»»

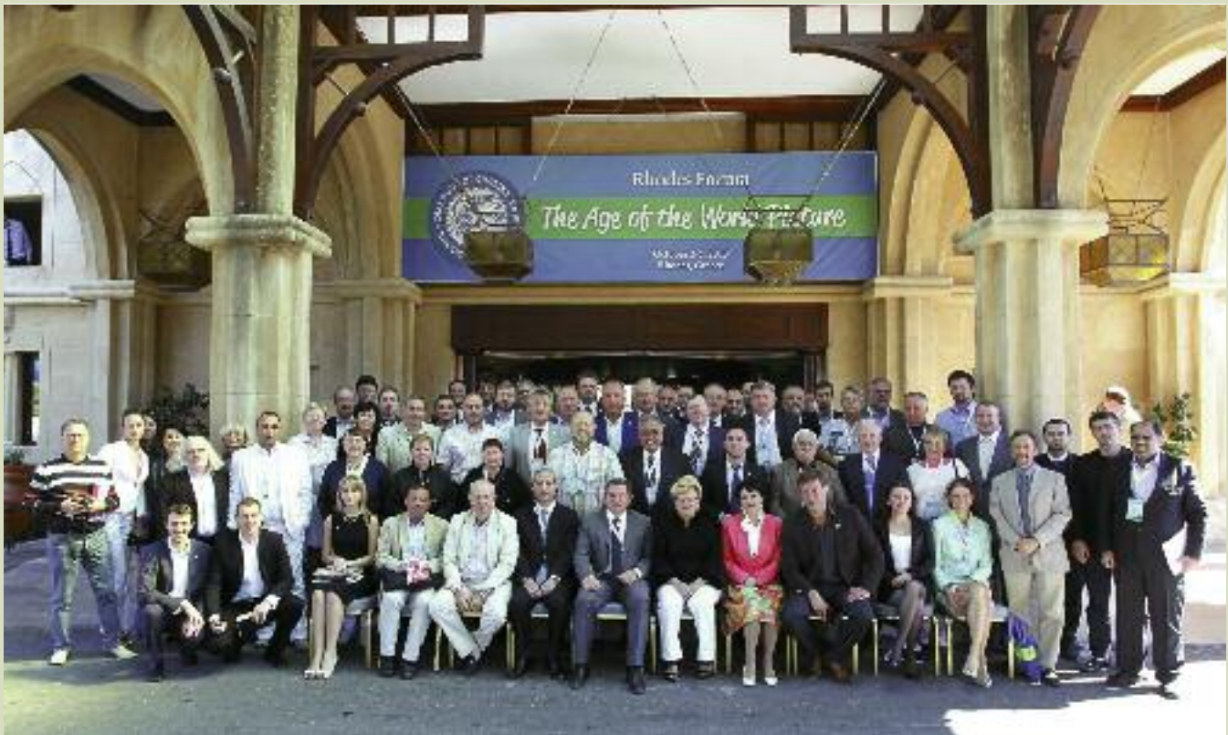
Родосский форум. 2013 год
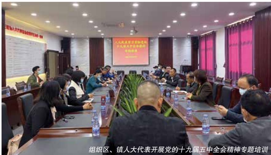
组织区、镇人大代表开展党的十九届五中全会精神专题培训

2019年10月，珠海市金湾区人大代表三灶、红旗中心联络站正式揭牌运作。依托中心联络站，人大代表们有了“动起来”的平台，激发了“活起来”的积极性，“局长走进中心联络站”等特色品牌活动的打造，也促进了政府部门以更积极主动的姿态回应社会关切，在与群众的直接面对面交流中，解决民生问题，让人大代表的监督变得愈发“实起来”。通过高标准制度建设、高质量服务、高频次运作，使联络站功能不断延伸拓展，为民服务工作走深走实，充分发挥了人大代表联络站应有的作用。
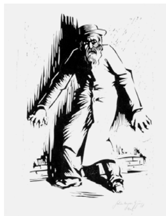
Schönberger (Hegyi) György: Akiket a falhoz állítottak

1940 augusztusa, a területek visszacsatolása után a hivatalos magyar művészetpolitika azonnal megpróbálta az erdélyi művészek munkásságát a „nagy magyar” művészeti élet részévé tenni, budapesti kiállítási lehetőségeket biztosítani a Nemzeti Szalonban, a Műcsarnokban és másutt.

««

**Activity**
In your answer, repeat all the entries exactly, but leave out the pictures.

**Answer box**
Родосский форум. 2013 год
组织区、镇人大代表开展党的十九届五中全会精神专题培训

2019年10月，珠海市金湾区人大代表三灶、红旗中心联络站正式揭牌运作。依托中心联络站，人大代表们有了“动起来”的平台，激发了“活起来”的积极性，“局长走进中心联络站”等特色品牌活动的打造，也促进了政府部门以更积极主动的姿态回应社会关切，在与群众的直接面对面交流中，解决民生问题，让人大代表的监督变得愈发“实起来”。通过高标准制度建设、高质量服务、高频次运作，使联络站功能不断延伸拓展，为民服务工作走深走实，充分发挥了人大代表联络站应有的作用。
Schönberger (Hegyi) György: Akiket a falhoz állítottak

1940 augusztusa, a területek visszacsatolása után a hivatalos magyar művészetpolitika azonnal megpróbálta az erdélyi művészek munkásságát a „nagy magyar” művészeti élet részévé tenni, budapesti kiállítási lehetőségeket biztosítani a Nemzeti Szalonban, a Műcsarnokban és másutt.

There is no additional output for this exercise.